◆ SOURCE DATA ◆
******
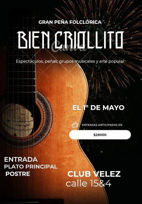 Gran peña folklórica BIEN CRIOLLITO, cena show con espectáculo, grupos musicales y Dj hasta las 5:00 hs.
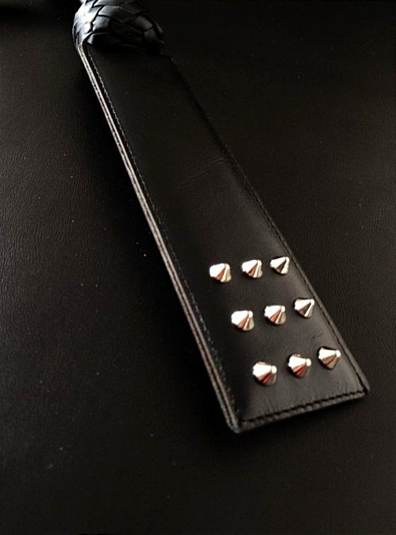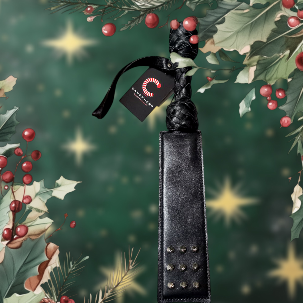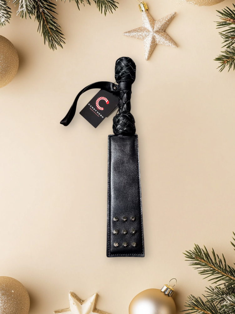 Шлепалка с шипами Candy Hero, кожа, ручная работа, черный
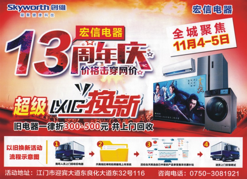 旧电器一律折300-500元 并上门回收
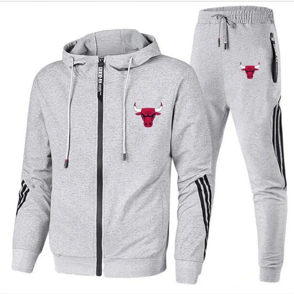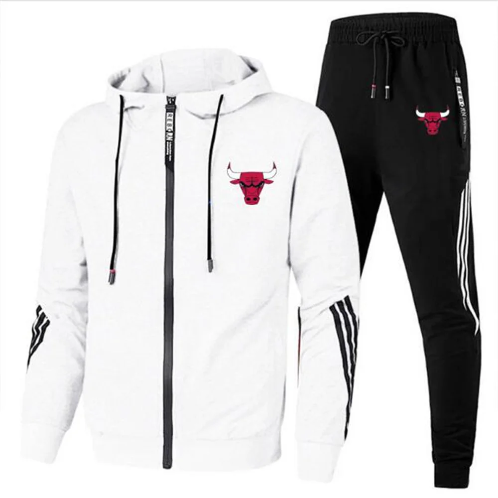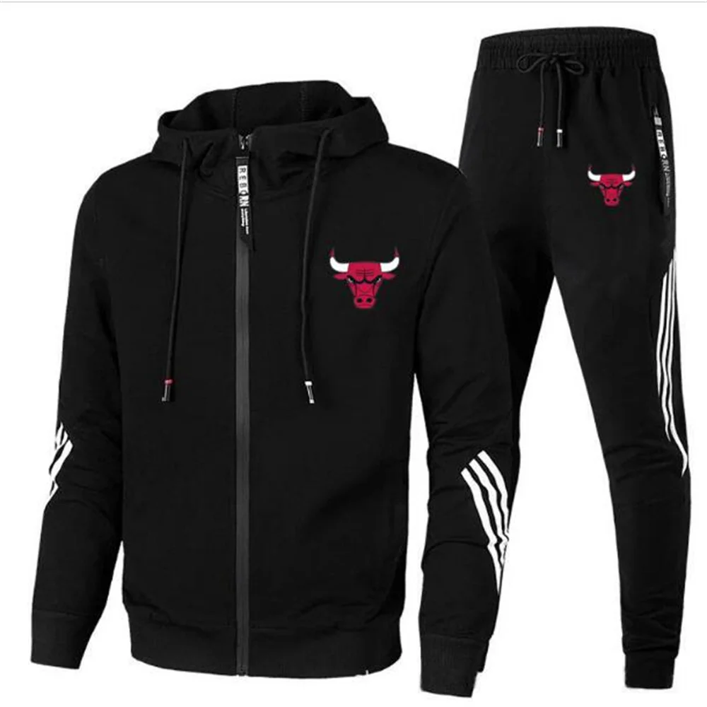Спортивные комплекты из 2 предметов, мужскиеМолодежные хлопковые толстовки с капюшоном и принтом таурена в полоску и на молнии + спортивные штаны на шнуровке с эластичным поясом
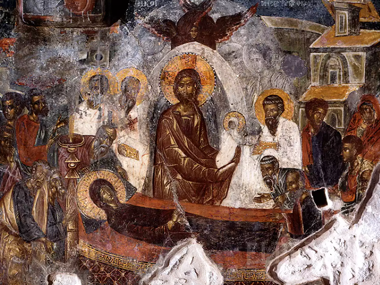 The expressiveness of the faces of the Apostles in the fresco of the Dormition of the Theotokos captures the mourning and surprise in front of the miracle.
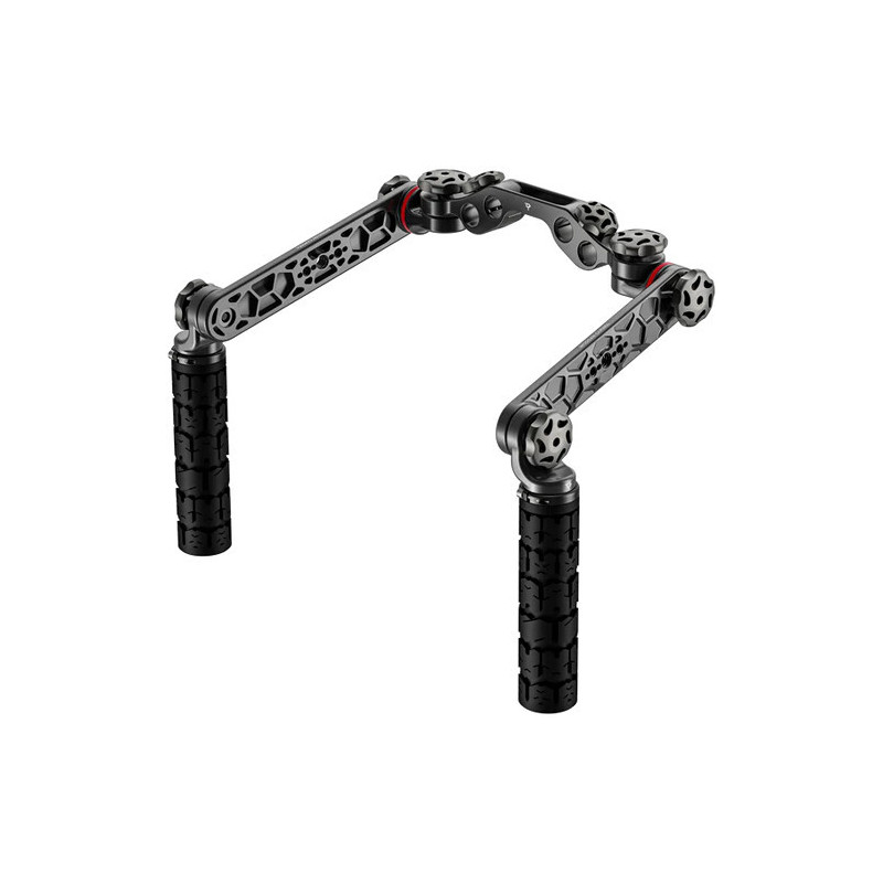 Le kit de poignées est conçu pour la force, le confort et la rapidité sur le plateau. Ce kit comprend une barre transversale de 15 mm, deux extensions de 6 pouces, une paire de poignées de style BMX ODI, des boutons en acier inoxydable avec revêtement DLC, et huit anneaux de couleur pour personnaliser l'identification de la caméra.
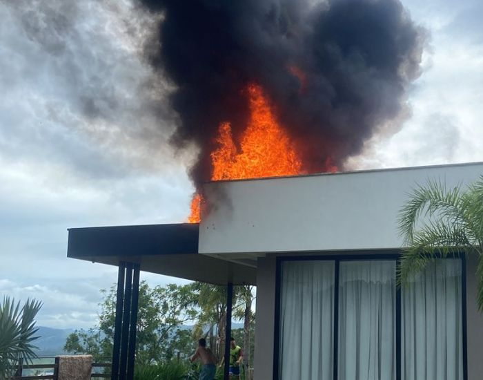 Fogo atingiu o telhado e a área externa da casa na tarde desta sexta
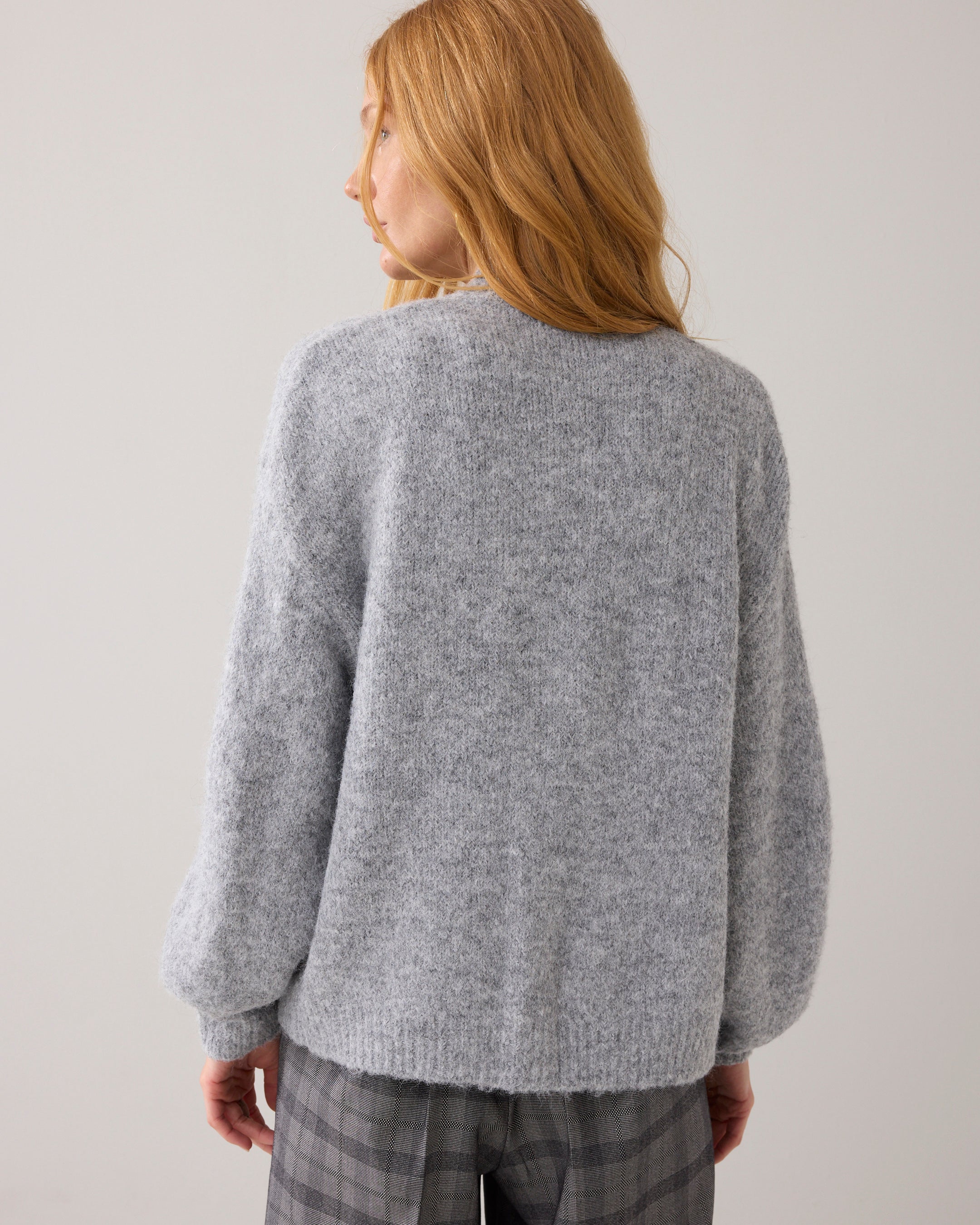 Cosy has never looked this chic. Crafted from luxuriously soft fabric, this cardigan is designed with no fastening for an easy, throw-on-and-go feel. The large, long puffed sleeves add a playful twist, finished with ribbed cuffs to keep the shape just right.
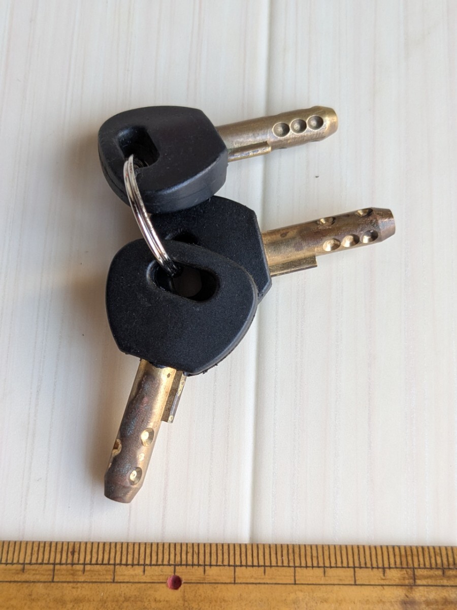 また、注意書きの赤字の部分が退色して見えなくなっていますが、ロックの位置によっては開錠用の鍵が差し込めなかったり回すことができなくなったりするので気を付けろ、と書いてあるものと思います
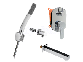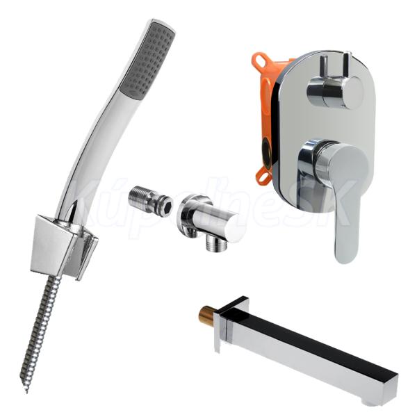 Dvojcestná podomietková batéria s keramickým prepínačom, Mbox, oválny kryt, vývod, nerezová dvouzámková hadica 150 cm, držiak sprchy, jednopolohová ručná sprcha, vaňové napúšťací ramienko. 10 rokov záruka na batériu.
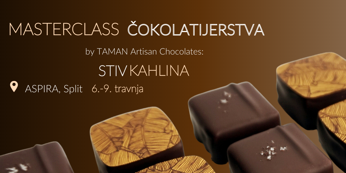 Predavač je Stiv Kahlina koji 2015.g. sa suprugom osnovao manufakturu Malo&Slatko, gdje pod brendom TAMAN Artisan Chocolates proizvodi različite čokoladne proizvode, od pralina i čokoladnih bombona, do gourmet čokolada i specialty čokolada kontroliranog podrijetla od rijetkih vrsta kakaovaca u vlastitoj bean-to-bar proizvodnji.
******
◆ TASK OBJECTIVE ◆
Find the line with "旧电器一律折300-500元 并上门回收" in the data above, and from there retype each line exactly through the line with "Спортивные комплекты из", skipping the pictures along the way.

◆ COMPLETED TASK ◆
 旧电器一律折300-500元 并上门回收
Спортивные комплекты из 2 предметов, мужскиеМолодежные хлопковые толстовки с капюшоном и принтом таурена в полоску и на молнии + спортивные штаны на шнуровке с эластичным поясом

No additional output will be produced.